After a decade in the offices at General Motors, Windsor native Alan Mailloux wanted to create something. “I found my way here because of the Stratford Chefs School. I wanted to be able to use my hands,” Mailloux says. Cooking was the answer.

He responded to an ad for the School he saw in the Windsor paper – “they were new and casting a wide net for students” – and he and his wife Barb arrived in Stratford in 1990. He graduated in 1992 and cooked in Stratford, St. Marys, and Toronto with Jean-Pierre Challet. Back in Stratford, they opened a bed-and-breakfast and started baking bread for the farmers’ market. “That took on a life of its own,” he says. “The School taught me the basics, but working in bakeries taught bread production. Two or three loaves of bread compared to 25 loaves is a different mindset.”

Downie Street Bakehouse opened in August 2011, and Mailloux has embraced the tactile nature of dough and baking; the corollary is that the shop gets busier each year. “What we bake is very old-fashioned. Flour, water, salt, and sometimes yeast. We make a lot of sourdoughs and ferment them overnight in the fridge, giving them as much time as we can.” Slowing the process down is key – the longer it takes to make, the more nutritious it is and the better it tastes, he says.

 

 

 

 

 

 

 

 

 

 

 

 

Ten years at General Motors taught Mailloux that he had a single opportunity to know what kind of a job he was doing at his annual performance review… [but with cooking], “I know before anyone else does whether or not what’s in front of me is any good. Before the customer knows, before the boss knows. That’s an unbelievable rush. In many ways I miss that about the restaurant business.

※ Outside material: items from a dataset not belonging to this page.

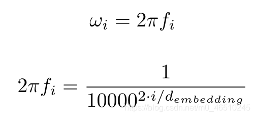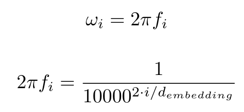 随着 i 从 0 增加到 d_embedding/2,频率也从 1/2π 减少到 1/(2π.10000)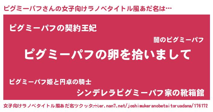 | 男性向けラノベタイトル風あだ名 | 『ダンジョンにピグミーパフを求めるのは間違っているだろうか』 |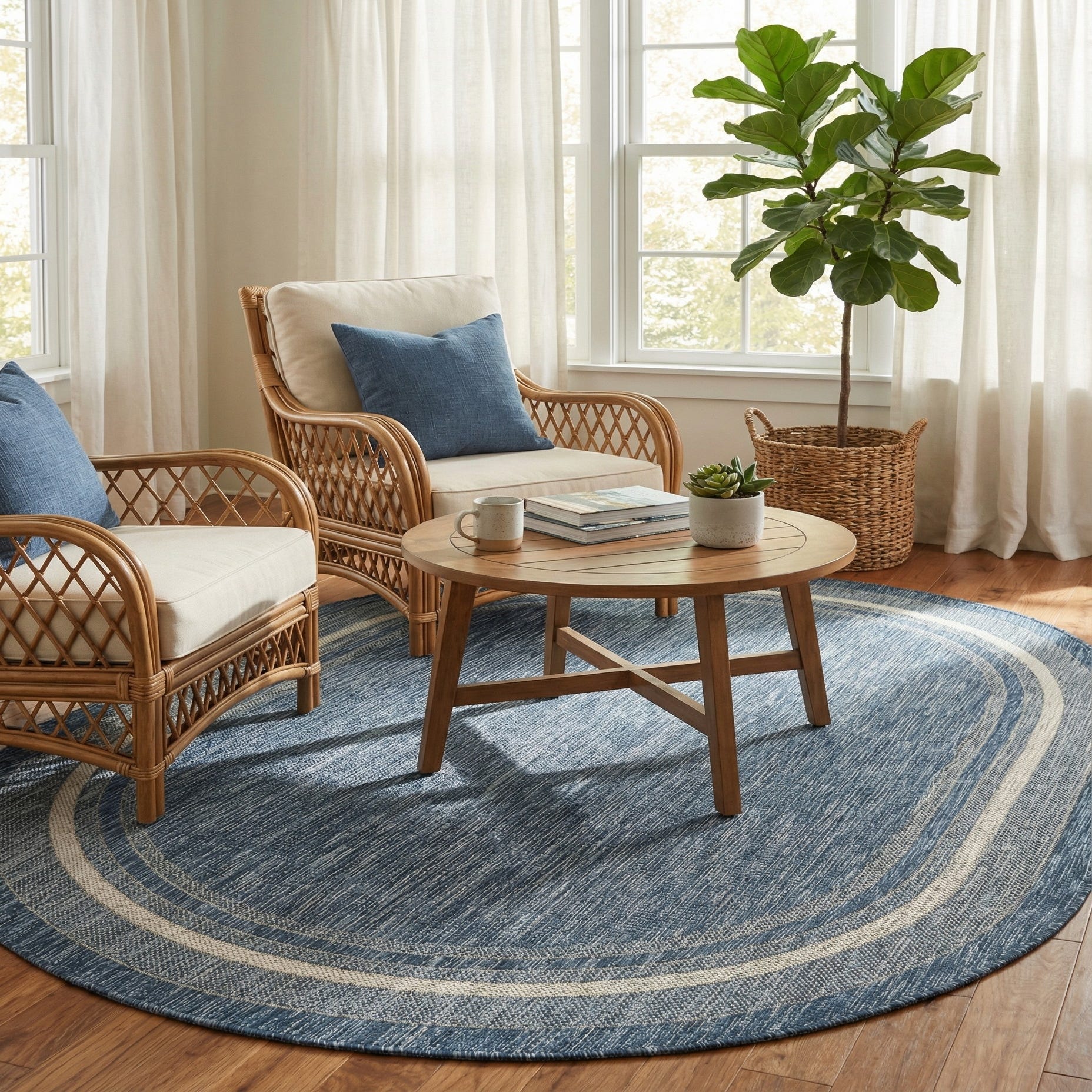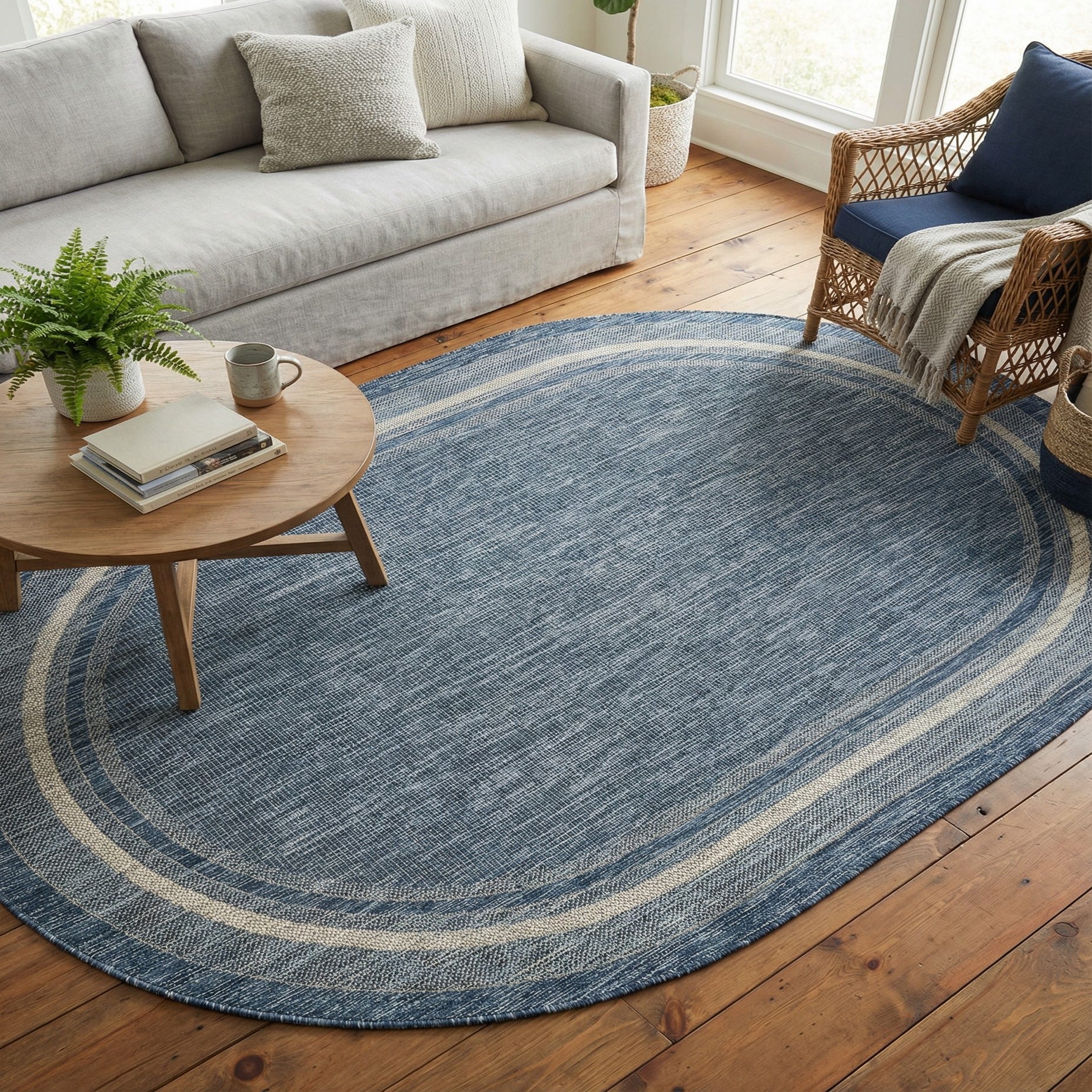 5' 3 x 8' Washable Border Indoor / Outdoor Oval Rug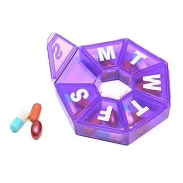 Pillthing Weekly 7 Sided Pill Organzier 3 pack 1 each of Blue Green Purple. Small Pill Box for Travel with Medical Alert Card

But baking bread is similar, he points out. “When the dough is coming along and has the right feel and right rise and goes in and comes out of the fridge the way we want it to and into the oven, we know along the way.”

He says an ideal farm-to-table scenario – a luxury in a very small corner of the baking world – is going to farmers and asking them to grow a particular wheat. “I’d commit to buying it all, getting it milled, and making bread with it, but as a small business, that’s difficult,” Mailloux says, conceding that processing and mass production are necessary to feed billions of people.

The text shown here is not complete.